I’ll take that back to the initial patient interviews that we did. It tied back very nicely with the same concern that as a patient if I’m on a trial what happens if the trial stops? What happens if I am the patient who is doing really well on a drug but if the trial is stopped because of futility does that mean that I will stop receiving the drug? So that, for me, was very, very surprising. I think closing the loop for a patient through the informed consent form is incredibly important.

How can a patient-centric addendum improve clinical trials?

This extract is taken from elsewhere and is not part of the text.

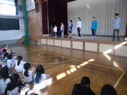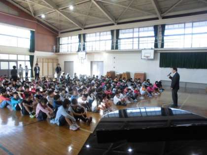 各学年の代表者が後期に頑張ることを全校のみんなに発表してくれました。一人一人が「自分の目標を考えながら聞く」ことができたと思います。3月の修了式の日の自分を思い浮かべながら毎日を過ごしてほしいと思います。

The reason being if Belinda and I had a magic wand we would clean up informed consent forms directly. But we are also realistic and we know that each pharma, each sponsor has their own template for an informed consent and it is very difficult for us to tackle individual informed consent forms. So then the next best solution is really creating an addendum and the addendum would serve not to make patients expert in a particular clinical trial, the goal of the addendum is to really make sure that patients have access to, at the tip of their fingers, the most pertinent information they need to navigate the trial which is can I take a decision today to participate in the trial? What happens if these different situations arise? What happens if I have side effects that I need to deal with? What happens if I’m feeling sick in the middle of the night? Who is going to pay for the trial? What am I responsible for in terms of financial commitment to continue to participate in the trial? So very, very specific questions that are really top of mind for the patient community. 

An addendum can help answer those questions quickly and in an accessible fashion because, again, keep in mind that they’re 21-, 25-page forms. A lot of that is legalese and the average patient does not care about the legalese. So the addendum is all about extracting what is pertinent, putting it in a patient-friendly language because Belinda talked about the readability – a lot of forms are not written at an eighth grade level. So making sure that the addendum has necessary patient information at a reading level that patients can easily access when they’re making these different decisions during the trial journey. 

I would not just say as a lung cancer patient advocate in research, I think pretty much all oncology trials, pretty much all clinical trials, we are very dependent on the patient community for really advancing science. If we use something like an addendum, if we make the informed consent process more easy, more seamless, more participatory, more engaging, as Belinda pointed out, this entire process was conceptualised in partnership with patients. Right from the informed consent process if we really, really make patients partners in the research and clinical trials the value proposition is much more clear and we’ll have a much more healthier clinical trial ecosystem. That is really what our goal is, to make patients be absolute partners in this process. That would be the impact of doing something like this.